Monaghan was born at Abergavenny, Monmouthshire. At 25 years of age, Monaghan was a trumpeter in the 2nd Dragoon Guards (Queen's Bays), British Army during the Indian Mutiny

No. 1158. Trumpeter Thomas Monaghan, Date of Acts of Bravery, October 8th, 1858
For saving the life of Lieutenant-Colonel Seymour, C.B., commanding the regiment, in an attack made on him on the 8th of October, 1858, by mutinous sepoys, in a dense jungle of sugar canes, from which an attempt was made to dislodge them.
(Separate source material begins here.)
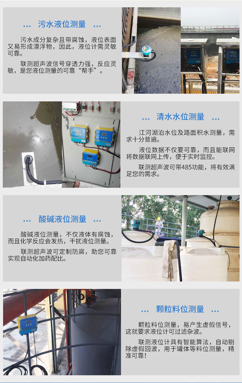 產(chǎn)品簡介:在測量中超聲波脈沖由傳感器(換能器)發(fā)出,聲波經(jīng)液體表面反射后被同一傳感器接收或超聲波接收器,通過壓電晶體或磁致伸縮器件轉(zhuǎn)換成電信號(hào),并由聲波的發(fā)射和接收之間的時(shí)間來計(jì)算傳感器到被測液體表面的距離。 由于采用非接觸的測量,被測介質(zhì)幾乎不受限制,可廣泛用于各種液體和固體物料高度的測量。

The mutineers were between 30 and 40 in number. They suddenly opened fire on Lieutenant-Colonel Seymour and his party at a few yards distance, and immediately afterwards rushed in upon them with drawn (native) swords. Pistolling a man, cutting at him, and emptying with deadly effect at arm's length every barrel of his revolver, Lieutenant-Colonel Seymour was cut down by two sword cuts, when the two men above recommended, rushed to his rescue, and the Trumpeter shooting a man with his pistol in the act of cutting at him, and both Trumpeter and Dragoon driving at the enemy with their swords, enabled him to arise, and assist in defending himself again, when the whole of the enemy were dispatched. The occurrence took place soon after the action fought near Sundeela, Oudh, on the date abovementioned.

Monaghan and the Dragoon (Charles Anderson) were both awarded the Victoria Cross for their bravery. Monaghan eventually achieved the rank of sergeant-trumpeter. His grave is at Woolwich cemetery, London and his Victoria Cross is displayed at the Queen's Dragoon Guards Regimental Museum at Cardiff Castle, Wales.